E.   Menyerahkan Dengke (Ikan) oleh SW
Aslinya ikan yang diberikan adalah jenis “ihan” atau ikan Batak, sejenis ikan yang hanya hidup di Danau Toba dan sungai Asahan bagian hulu dan rasanya memang manis dan khas. Ikan ini mempunyai sifat hidup di air yang jernih (tio) dan kalau berenang/ berjalan selalu beriringan (mudur-udur) , karena itu disebut ; dengke sitio-tio, dengke si mudur-udur (ikan yang hidup jernih dan selalu beriringan/ berjalan beriringan bersama)
Simbol inilah yang menjadi harapan kepada pengantin dan keluarganya yaitu seia sekata beriringan dan murah rejeki (tio pancarian dohot pangomoan).
Tetapi sekarang ihan sudah sangat sulit didapat, dan jenis ikan mas sudah biasa digunakan.
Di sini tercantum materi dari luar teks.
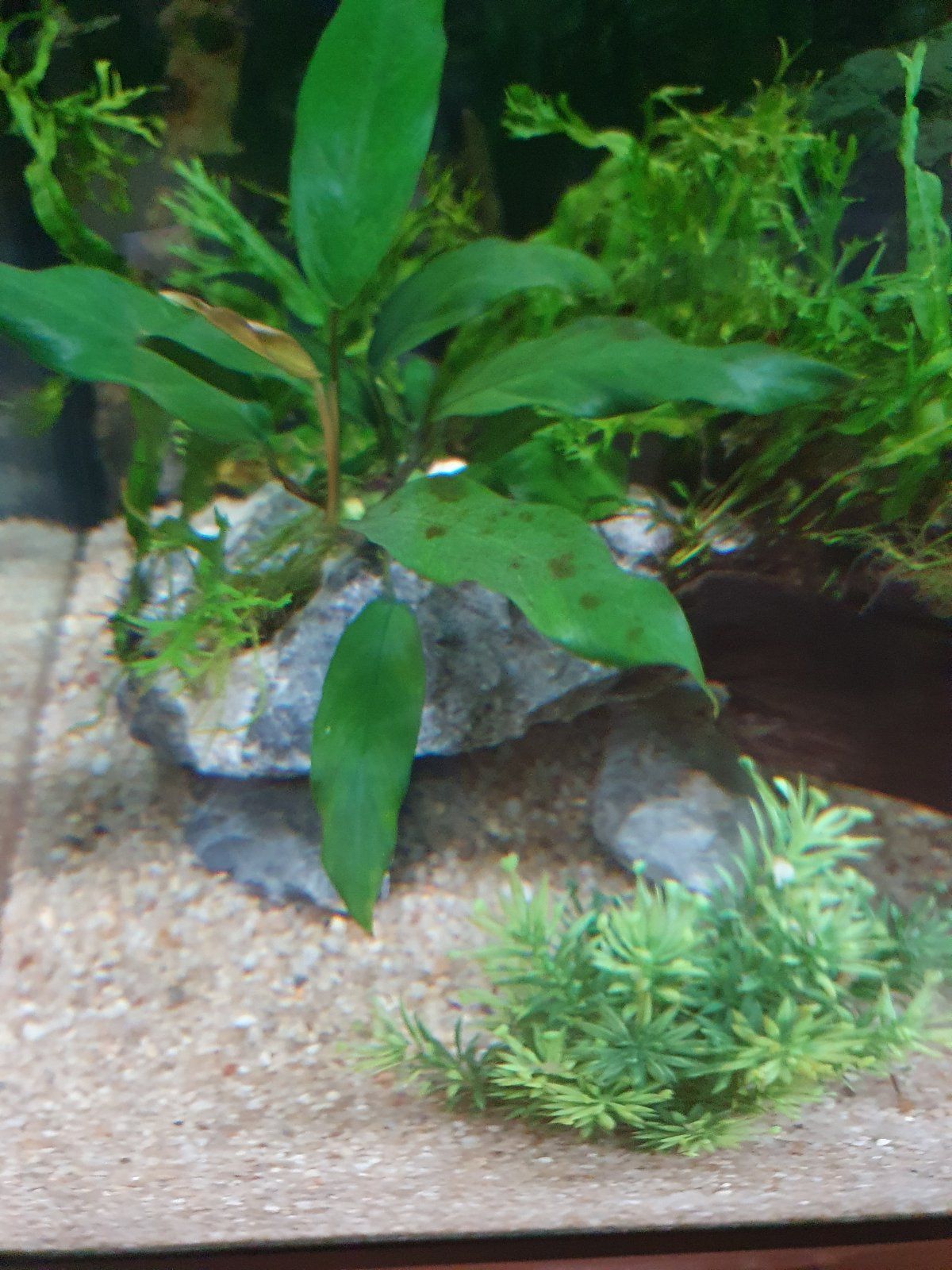 I have a couple of Anubias plants and they have started to show some dark patches on a few leaves. I am not sure what it is and if I should do something about it. I have no co2 injection and use recommended amount of Flourish once a week.

Ikan Masa ini  dimasak khasa Batak yang disebut “naniarsik” ikan yang dimasak (direbus) dengan bumbu tertentu sampai airnya berkurang pada kadar tertentu dan bumbunya sudah meresap kedalam daging ikan itu.

F.    Makan Bersama
Sebelum bersantap makan, terlebih dahulu berdoa dari suhut Pria (SP), karena pada dasarnya SP yang membawa makanan itu walaupun acara adatnya di tempat SW.
Untuk kata pengantar makan, PRP menyampaikan satu uppasa (ungkapan adat) dalam bahasa Batak seperti waktu menyerahakan tanda makanan adat:
Sitiktikma si gompa, golang golang pangarahutna. Tung, sosadiape napinatupa on, sai godangma pinasuna. Ungkapan ini menggambarkan kerendahan hati yang memebawa makanan dengan  mengatakan walaupun makanan yang dihidangkan tidak seberapa (pada hal hewan yang diptong yang menjadi santapan adalah hewan lembu atau kerbau yang utuh), tetapi mengharapkan agar semua dapat menikmatinya serta membawa berkat. Kemudian PRP mempersilakan bersantap.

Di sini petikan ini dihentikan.